I wasn't going to mention the whole Fast Forward thing. They did do a few products that had some innovation to them like the spiral bound book that was very easy to use and Orc Fest which was one of the best introduction adventurers I've seen. Dungeon World had some interesting concepts.

But I agree with Merric. Lots of useless content and lack of understanding of the core OGL/d20 SRD rules and overall one of the reasons why the d20 fad got as bad as it did even before the 3.5 bust.


----------



## mattcolville (Nov 16, 2010)

Wait, Christopher Clark, the dude behind Necromancer Games? I don't care how old school that dude is, he did well. It's ok if Jim Ward didn't know the market and the OGL, because Clark certainly did.

For me, two things are self-evident about this;

1: These guys have the chops to produce a lot of cool content.

2: They're going to fail spectacularly if they depend on any traditional publishing model for monetizing that content. 

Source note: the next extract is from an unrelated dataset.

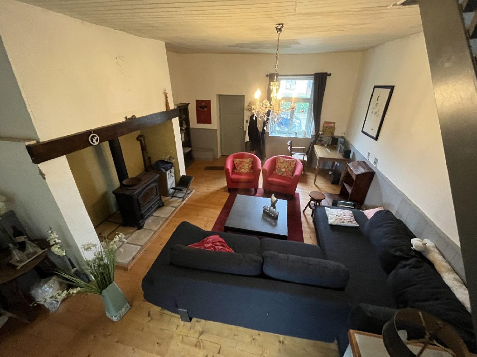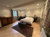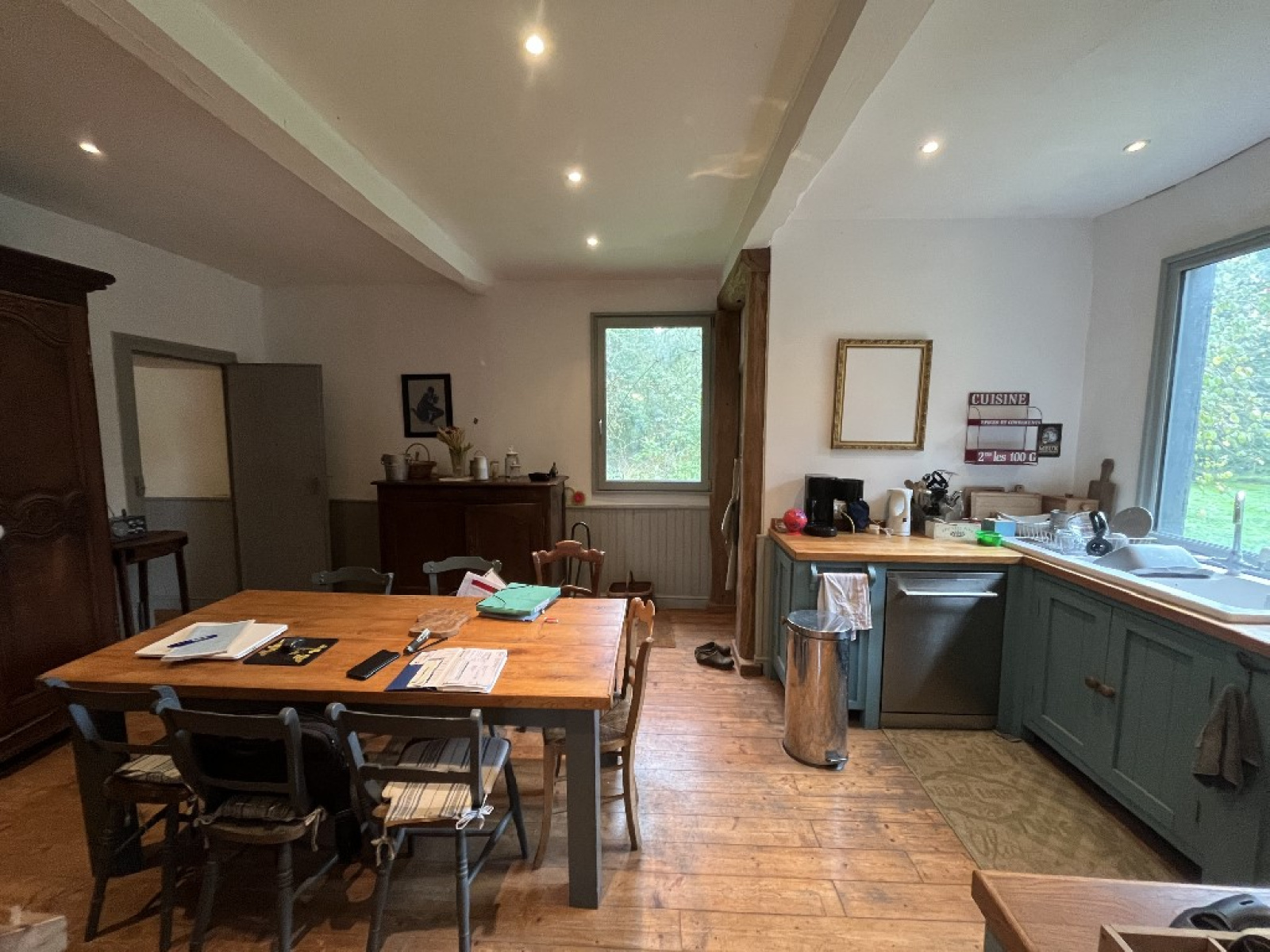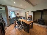 Au rdc : Salon avec poêle à bois (30m²), grande cuisine équipée ouvrant sur coin repas avec poêle à bois (26m²), 1 grande chambre (20m²), salle d'eau, wc.

If they make the mistake of thinking their product is books or PDFs, rather than the actual content they create, then they're already doomed. There's no market anymore. That era of the RPG publisher as a going concern is done. It's no 2002 any more, or 1996.


----------



## MerricB (Nov 16, 2010)

mattcolville said:


> Wait, Christopher Clark, the dude behind Necromancer Games? I don't care how old school that dude is, he did well. It's ok if Jim Ward didn't know the market and the OGL, because Clark certainly did.

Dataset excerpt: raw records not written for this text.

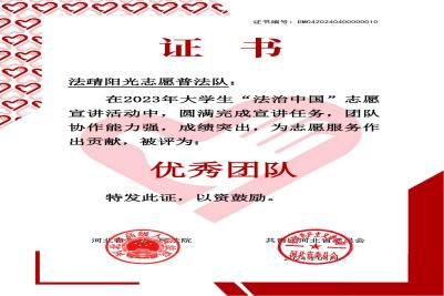 近日,“法治中国”志愿宣讲优秀团队评选结果发布,济南大学政法学院阳光先锋青年志愿者协会在“法治中国”志愿活动宣讲中,传播法律知识,了解国情民生,践行使命担当,圆满完成宣讲任务,成绩突出,在多个团队中脱颖而出,成功入选法治中国志愿宣讲优秀团队。
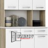 С впечатляваща височина от 185 см, бюфетът предлага голямо пространство за съхранение. Горната част е оборудвана с шкафове и рафтове, подходящи за съдове, чаши и други кухненски принадлежности. Долната част включва плътни вратички и отделения, идеални за подредба на домакински съдове или хранителни продукти. Модулният характер позволява гъвкавост при разпределението в пространството.
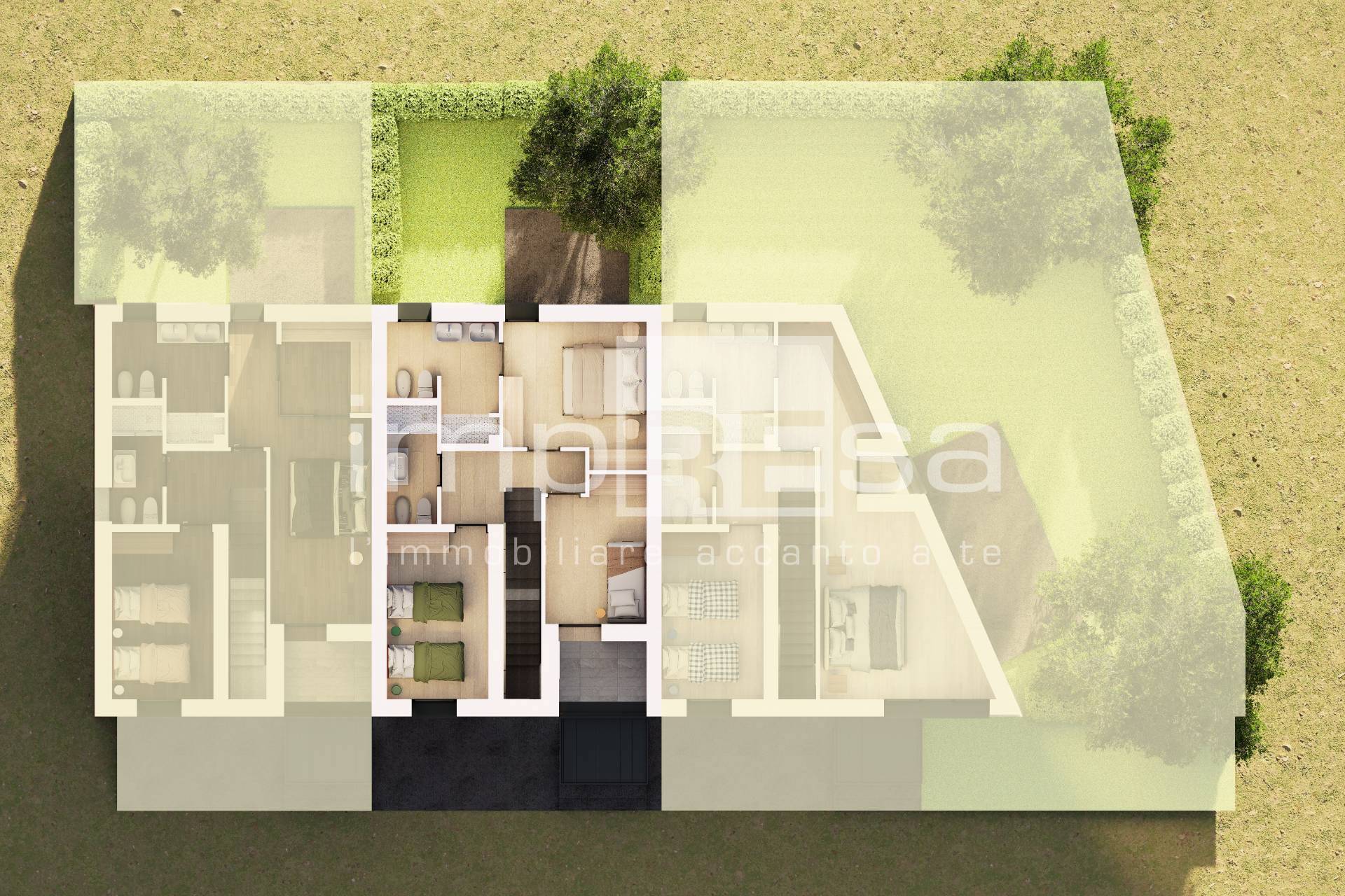Il piano primo sviluppa la zona notte con camera doppia, una camera singola, due bagni completi uno con doppio lavabo e la camera padronale molto grande.

Are you thinking of Clark Peterson, Matt?

Christopher Clark - there are two designers by that name. I suspect the one we're talking about is this one, who co-founded Hekaforge Productions with Gary Gygax and helped publish Lejendary Adventure.

EDIT: Hey, my 10,000th post! Cool! 

Cheers!


----------



## Keefe the Thief (Nov 16, 2010)

I love it that Grognardia is quickly becoming the No Mutants are Allowed of the gaming world. Love as in shake my head about it. 

Anyway, i have to agree with Merric: the founders (and i wish their company much success) are definitely from an old-school era, but i find many of their prior publications somewhat meh.


----------



## JamesM (Nov 16, 2010)

Treebore said:


> I wonder who at Grognardia thinks they are more old school industry professionals than these guys are?



No one said anything even close to this, so I'm not sure why it's being asserted, let alone now, more than a year after I made the original comments. I've actually had _nothing_ to say on this subject since August 2009, but I guess people enjoy trying to manufacture controversy where there is none.

Seriously, do people even bother to read what anyone writes anymore or do they simply rely on third hand reports? My criticisms of this endeavor were that I did not think, based on the information we had then, that it demonstrated those involved had a very good understanding either of the current RPG market generally or the old school niche in particular. I stand by that opinion, though, as I said back in 2009, I'll be happy to be proven wrong.


----------



## JamesM (Nov 16, 2010)

JohnRTroy said:


> Grognardia is only one guy.  And people need to remember that James Maliszewski is writing what amounts to an *opinion column*, there's a lot of personal bias there, and I would not call him a true historian because of that.  I think a lot of readers forget that because he writes a lot and his blog is so popular.



I'm not sure what bearing being a "true historian" has in this particular case, since I've never claimed to be such and anyone who actually reads my blog with any attention knows I am anything but unbiased.


----------



## JamesM (Nov 16, 2010)

Chainsaw said:


> I think it would probably be wrong to think that JM or anybody else isn't ultimately supportive. Just my opinion based on what I've read in forums and blogs, of course.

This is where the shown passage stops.